El hotel de la calle Montera
- Carmen Abril Martín
- 11 ene 2022
- 7 Min. de lectura
Las circunstancias que me llevaron a vivir el momento que vengo a contar no son relevantes, pero aun así tiene sentido que las cuente. Lo que viví, y que decido ahora narrar -no sé muy bien porqué-, tampoco fue en sí mismo un momento particularmente relevante. Para los “actores “ que componían la escena, ésta fue una situación del día a día y nada anómalo sucedió a excepción de que ese momento preciso mi novio y yo estábamos allí, testigos inesperados.
Manteníamos una relación a distancia hacía tiempo y, al no estar ninguno de los dos independizado, nuestros encuentros tenían que ser la mayoría de las veces acogidos por hoteles, moteles o airbnbs. Una dinámica bastante agotadora, aunque, como decía, eso no es relevante en esta historia.
Una vez que yo había perdido el AVE de vuelta y nos tocaba buscar algo de urgencia y fuera de presupuesto, encontramos por Internet un hotel extrañamente barato. 20€ la noche en el centro de Madrid, al lado mismo de la plaza mayor. “Cómo puede ser posible, tiene que estar mal, compruébalo, otra vez”,..La habitación parecía cutre, pero nada raro…todo parecía estar en orden, “reservar”.
Llegamos al maltrecho portal -efectivamente situado en una bocacalle de la plaza mayor- entre risas socarronas porque, cuando uno tiene un poco de sentido del humor, las cosas cutres son las más divertidas. Subimos. El supuesto hotel en realidad era un piso acondicionado. El hall de lo que habría sido el piso, la recepción. Paredes de gotelé color crema, luces deprimentes provenientes de fluorescentes medio gastados.

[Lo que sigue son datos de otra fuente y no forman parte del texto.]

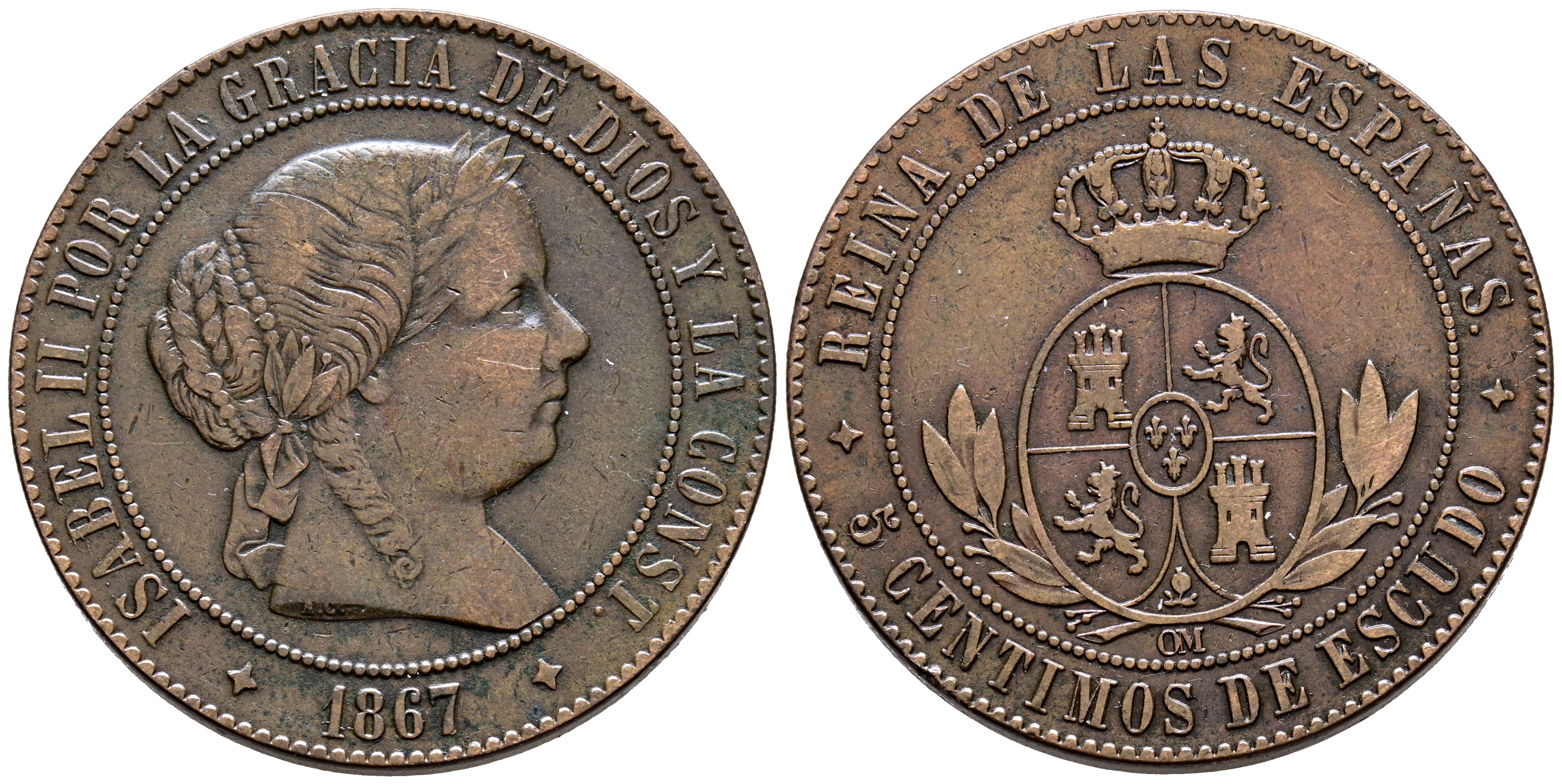 ISABEL II (1833-1868). 5 Céntimos de Escudo. (Ae. 12,35g/32mm). 1867. Jubia OM. (Cal-2019-248). MBC.

Todo parecía el escenario de una peli de miedo y, antes de que efectivamente se convirtiera en eso, resultaba gracioso.
Tampoco se espere uno ahora sangre y vísceras, que la imaginación y el morbo van solos. Como decía, el hecho en sí, el momento, el acto, fue relativamente insignificante.
Estábamos dando nuestros datos y dni a la recepcionista cuando aparecieron dos personas más en el hall.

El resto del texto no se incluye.